* **Task to complete**
Every record should be restated exactly, with no images included.

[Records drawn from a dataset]
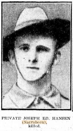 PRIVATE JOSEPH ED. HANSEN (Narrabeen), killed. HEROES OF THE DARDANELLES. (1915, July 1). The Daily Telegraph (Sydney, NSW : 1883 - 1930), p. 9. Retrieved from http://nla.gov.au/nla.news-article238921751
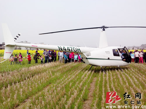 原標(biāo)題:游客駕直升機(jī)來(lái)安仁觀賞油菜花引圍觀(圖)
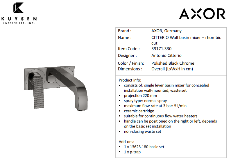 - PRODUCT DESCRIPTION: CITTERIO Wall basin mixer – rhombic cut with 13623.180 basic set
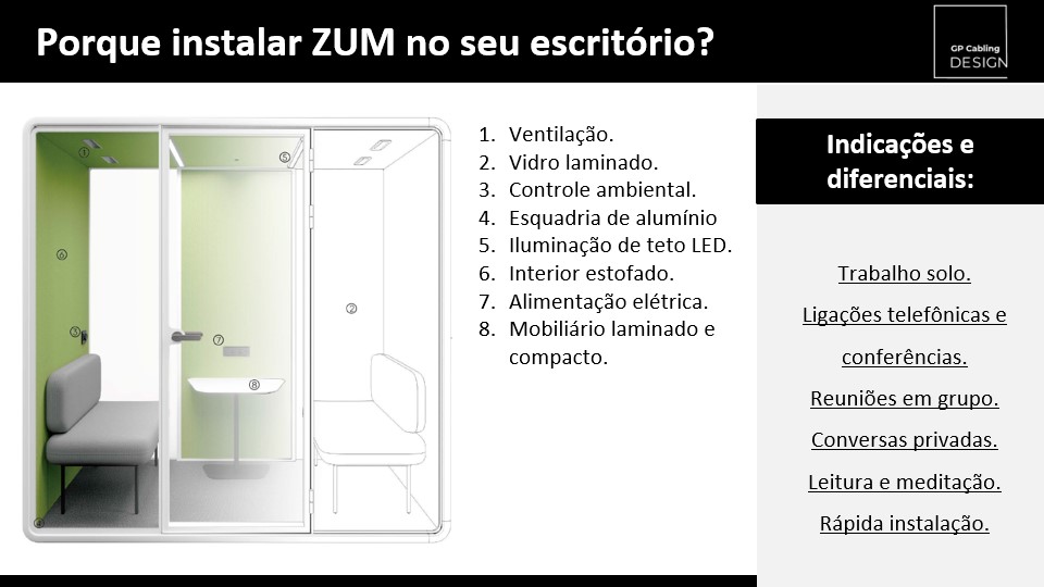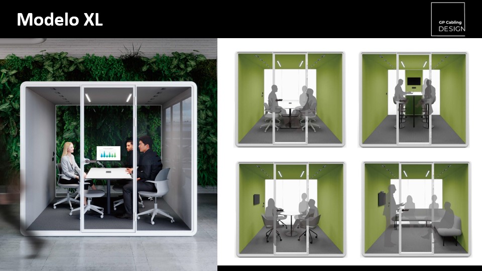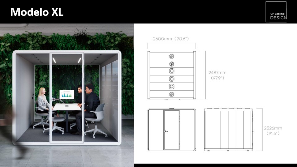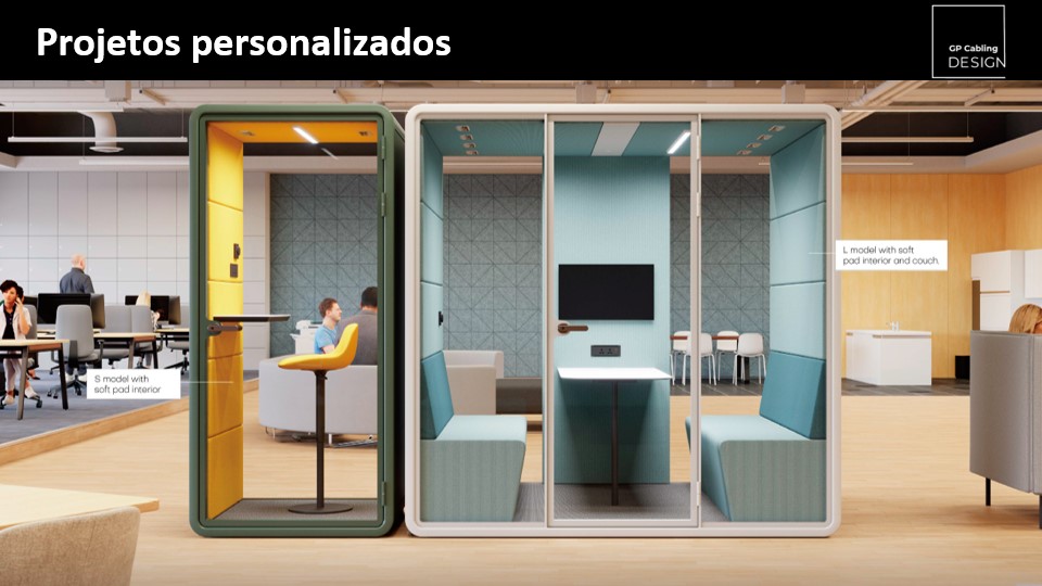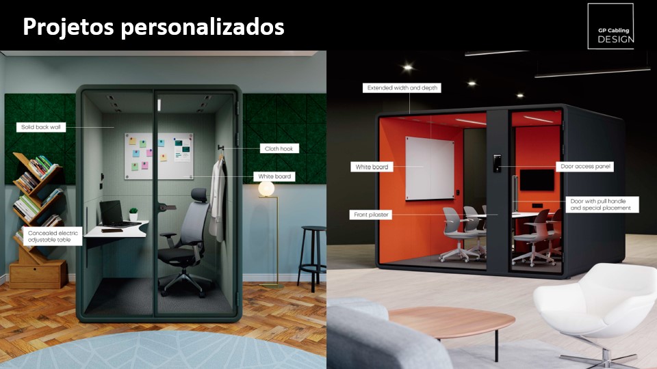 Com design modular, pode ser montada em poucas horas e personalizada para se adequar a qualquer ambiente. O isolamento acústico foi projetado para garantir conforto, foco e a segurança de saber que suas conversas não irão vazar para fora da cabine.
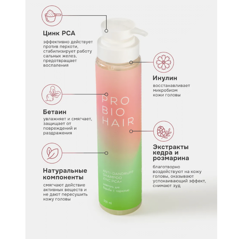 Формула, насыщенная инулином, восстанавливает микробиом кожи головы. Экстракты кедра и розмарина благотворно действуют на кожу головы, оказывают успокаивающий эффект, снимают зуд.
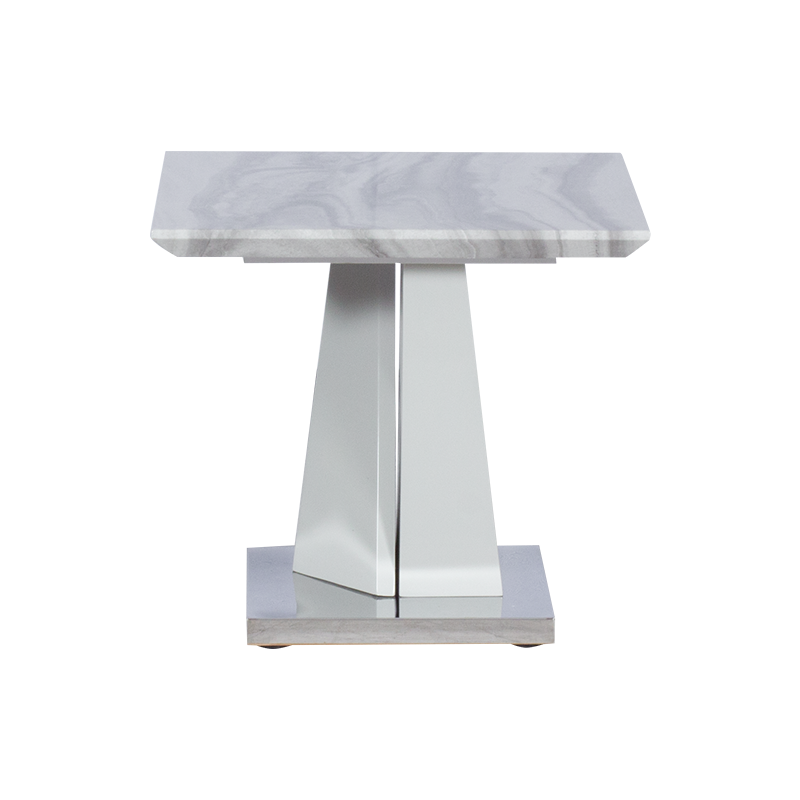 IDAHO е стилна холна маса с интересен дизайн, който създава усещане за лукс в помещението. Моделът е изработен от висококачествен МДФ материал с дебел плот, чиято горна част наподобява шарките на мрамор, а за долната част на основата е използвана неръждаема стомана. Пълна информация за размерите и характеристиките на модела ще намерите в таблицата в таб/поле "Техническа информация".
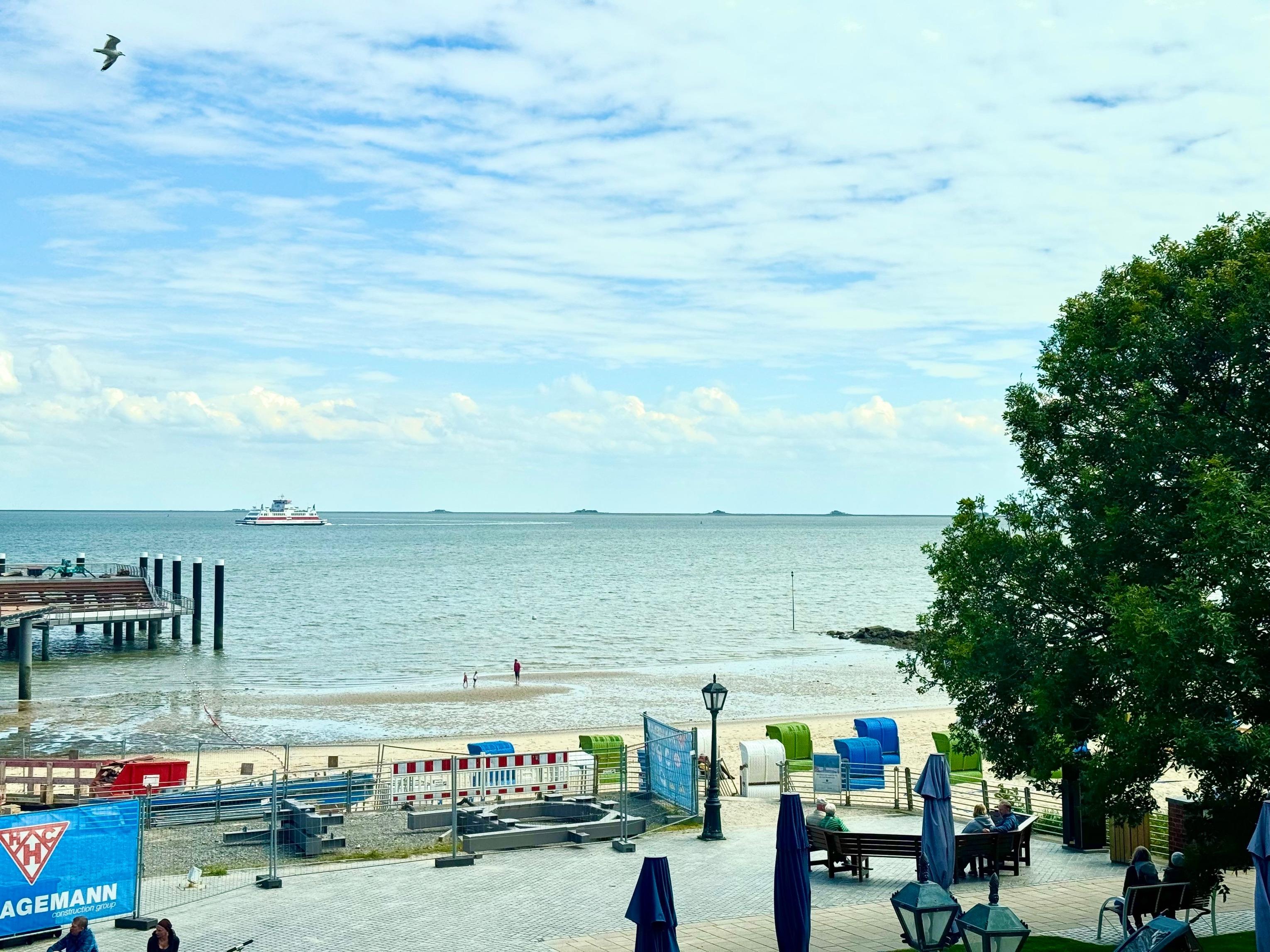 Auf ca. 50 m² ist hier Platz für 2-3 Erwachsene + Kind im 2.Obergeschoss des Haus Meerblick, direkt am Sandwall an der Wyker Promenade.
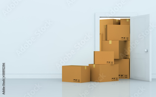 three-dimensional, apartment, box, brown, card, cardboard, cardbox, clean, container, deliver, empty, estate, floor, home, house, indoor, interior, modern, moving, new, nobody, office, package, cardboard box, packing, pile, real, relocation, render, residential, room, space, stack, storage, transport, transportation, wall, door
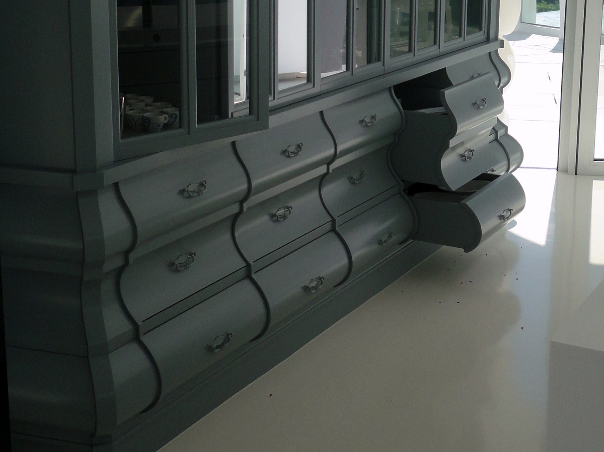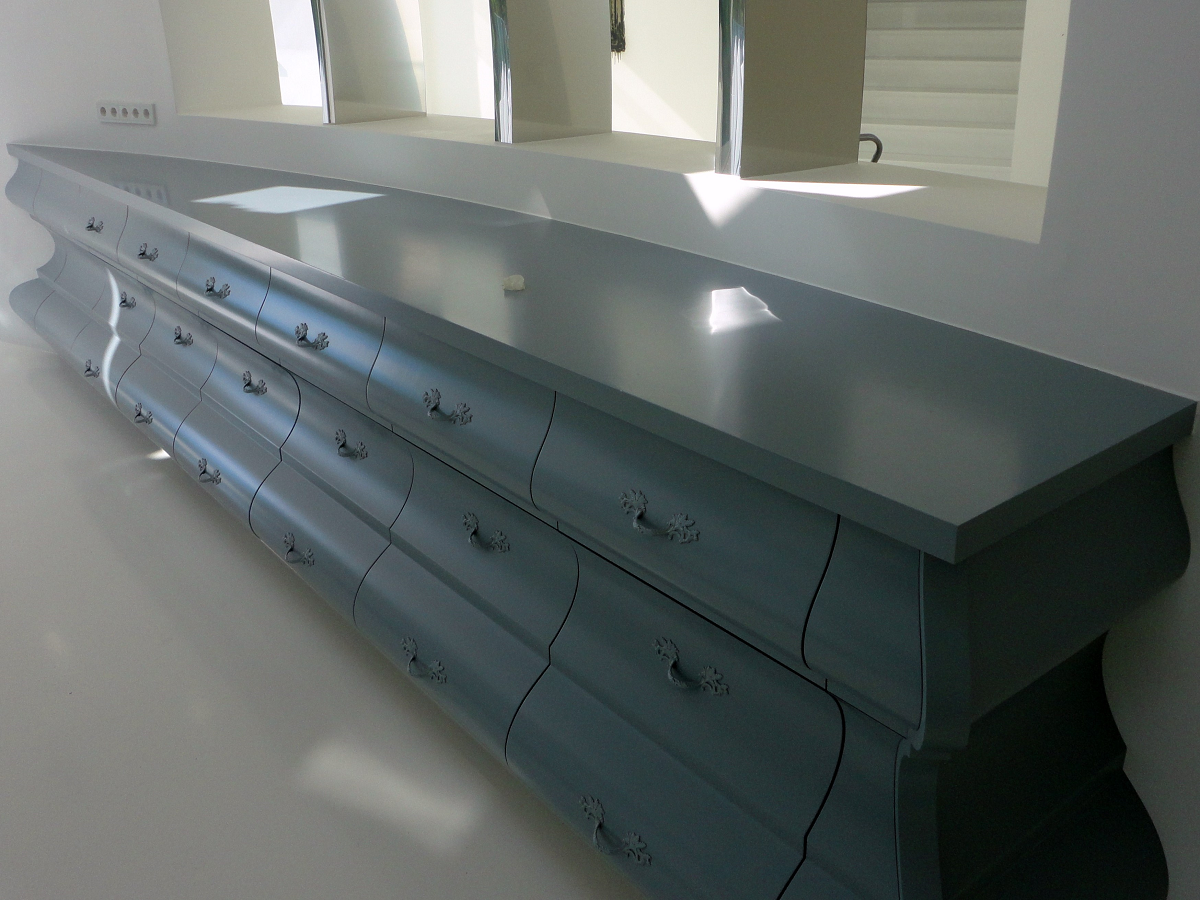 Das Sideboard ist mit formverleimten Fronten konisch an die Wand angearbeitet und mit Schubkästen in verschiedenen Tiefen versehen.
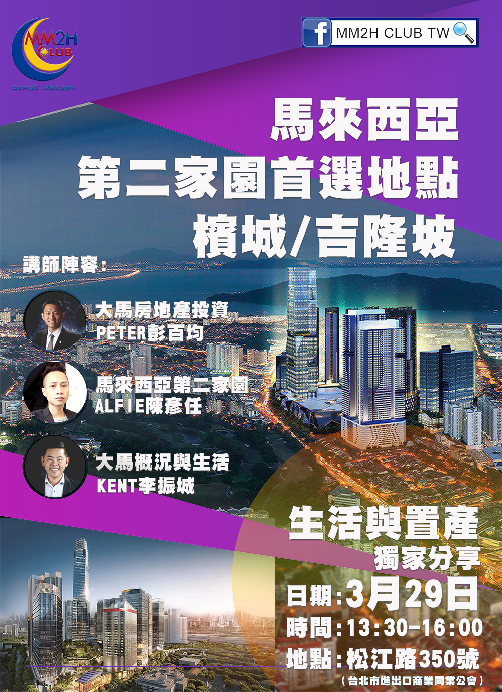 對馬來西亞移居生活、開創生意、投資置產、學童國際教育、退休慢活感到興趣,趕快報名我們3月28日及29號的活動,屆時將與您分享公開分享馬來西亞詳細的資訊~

* **Expected output**
 PRIVATE JOSEPH ED. HANSEN (Narrabeen), killed. HEROES OF THE DARDANELLES. (1915, July 1). The Daily Telegraph (Sydney, NSW : 1883 - 1930), p. 9. Retrieved from http://nla.gov.au/nla.news-article238921751
 原標(biāo)題:游客駕直升機(jī)來(lái)安仁觀賞油菜花引圍觀(圖)
 - PRODUCT DESCRIPTION: CITTERIO Wall basin mixer – rhombic cut with 13623.180 basic set
 Com design modular, pode ser montada em poucas horas e personalizada para se adequar a qualquer ambiente. O isolamento acústico foi projetado para garantir conforto, foco e a segurança de saber que suas conversas não irão vazar para fora da cabine.
 Формула, насыщенная инулином, восстанавливает микробиом кожи головы. Экстракты кедра и розмарина благотворно действуют на кожу головы, оказывают успокаивающий эффект, снимают зуд.
 IDAHO е стилна холна маса с интересен дизайн, който създава усещане за лукс в помещението. Моделът е изработен от висококачествен МДФ материал с дебел плот, чиято горна част наподобява шарките на мрамор, а за долната част на основата е използвана неръждаема стомана. Пълна информация за размерите и характеристиките на модела ще намерите в таблицата в таб/поле "Техническа информация".
 Auf ca. 50 m² ist hier Platz für 2-3 Erwachsene + Kind im 2.Obergeschoss des Haus Meerblick, direkt am Sandwall an der Wyker Promenade.
 three-dimensional, apartment, box, brown, card, cardboard, cardbox, clean, container, deliver, empty, estate, floor, home, house, indoor, interior, modern, moving, new, nobody, office, package, cardboard box, packing, pile, real, relocation, render, residential, room, space, stack, storage, transport, transportation, wall, door
 Das Sideboard ist mit formverleimten Fronten konisch an die Wand angearbeitet und mit Schubkästen in verschiedenen Tiefen versehen.
 對馬來西亞移居生活、開創生意、投資置產、學童國際教育、退休慢活感到興趣,趕快報名我們3月28日及29號的活動,屆時將與您分享公開分享馬來西亞詳細的資訊~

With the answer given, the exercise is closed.